While transaction parties are typically reluctant to introduce an additional regulatory dimension to a transaction, there are several compelling reasons why proactively engaging with CFIUS and voluntarily filing a notice can be in the parties’ interest.

  1. Manage Substantive Risk. CFIUS jurisdiction to condition or unwind a transaction extends in perpetuity. If the parties close a transaction without filing with CFIUS, and after closing CFIUS learns of the transaction, CFIUS has authority to take adverse action post-closing. Conversely, by filing, the parties avail themselves of the “safe harbor” provided in the law, which prevents any further action by CFIUS after it has reviewed and approved a transaction.
  2. Manage Timing Risks. By proactively filing with CFIUS, parties exert maximum control over the timeframe of their review. A number of instances have occurred where parties signed a transaction not intending to file with CFIUS, and were informally notified by CFIUS that they should file. The inter-agency process required to provide such notice (or formally compel a notice) is typically very slow, meaning notice from CFIUS can occur just as parties are finalizing their plans to close their transaction. On the other hand, by planning to make a filing and, by filing forcing CFIUS to act on the filing, the parties are accelerating the timeframe.
  3. Maintain Relationships with the U.S. Government. For a target that has relationships (regulatory or commercial) with the U.S. government, protecting those relationships should be a priority. Filing with CFIUS demonstrates good faith and a desire to be a reliable partner with the U.S. government, and filing assures customers that any risks associated with the investor will be addressed. Similarly, overseas companies wishing to do business in the U.S., or potentially acquire additional U.S. businesses, should prioritize their reputation for openness and transparency with the U.S. regulatory regime. Failure to do so can make future business plans more difficult to carry out.
  4. Establish and Maintain a Relationship with CFIUS. While the regulations do not specifically address presumptions or evidentiary burdens, it is well known among CFIUS practitioners that proactive engagement with CFIUS yields better results than engagement only after request or compulsion by CFIUS. By proactively filing, the parties begin the process from a position of transparency, which engenders trust with CFIUS. Many of the decisions CFIUS makes depend upon their ability to rely on companies as trustworthy parties in the process.
  5. Public and Customer Relations. Some transactions garner attention from trade and popular press. Competitors may seize on a foreign investment as an opportunity to pursue a company’s customers. Customers themselves may have questions about operational continuity and security in light of overseas investment. Proactively filing with CFIUS is a sturdy pillar to a public and customer relations strategy.
  6. General Posture of Transparency. In the global marketplace, a transparent approach to regulators helps to guard against unintended consequences. CFIUS is one of the preeminent national security review panels in the world. Review and clearance by CFIUS helps to assure other regulatory bodies, as well as future customers and targets, that a company and its parent entities are sophisticated, transparent participants in the global economy.

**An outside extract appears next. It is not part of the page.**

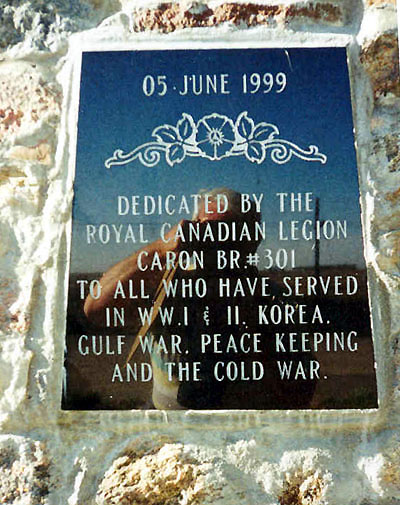 DEDICATED BY THE ROYAL CANADIAN LEGION CARON BR. # 301

My transaction simply cannot be delayed for a CFIUS review. What should we do?

Proactively filing with CFIUS is the ideal scenario to manage CFIUS-related risk. There are, however, ways to manage the risk of adverse CFIUS action within the timing constraints of any particular transaction. These are highly case-specific considerations. If you find yourself in such a situation, contact experienced CFIUS counsel. As described elsewhere on www.kabealolaw.com, this firm will either assist you with your case or help you find top caliber CFIUS counsel at another firm.

How much is the filing fee?

There is currently no filing fee. However, any change to CFIUS authorizing legislation will likely require a filing fee to help CFIUS increase its staff and subject matter expert capacities. Under the current no-fee system, bandwidth at CFIUS is under constant strain. Under FIRRMA, the current proposal for a filing fee is 1% of transaction value, capped at $300,000.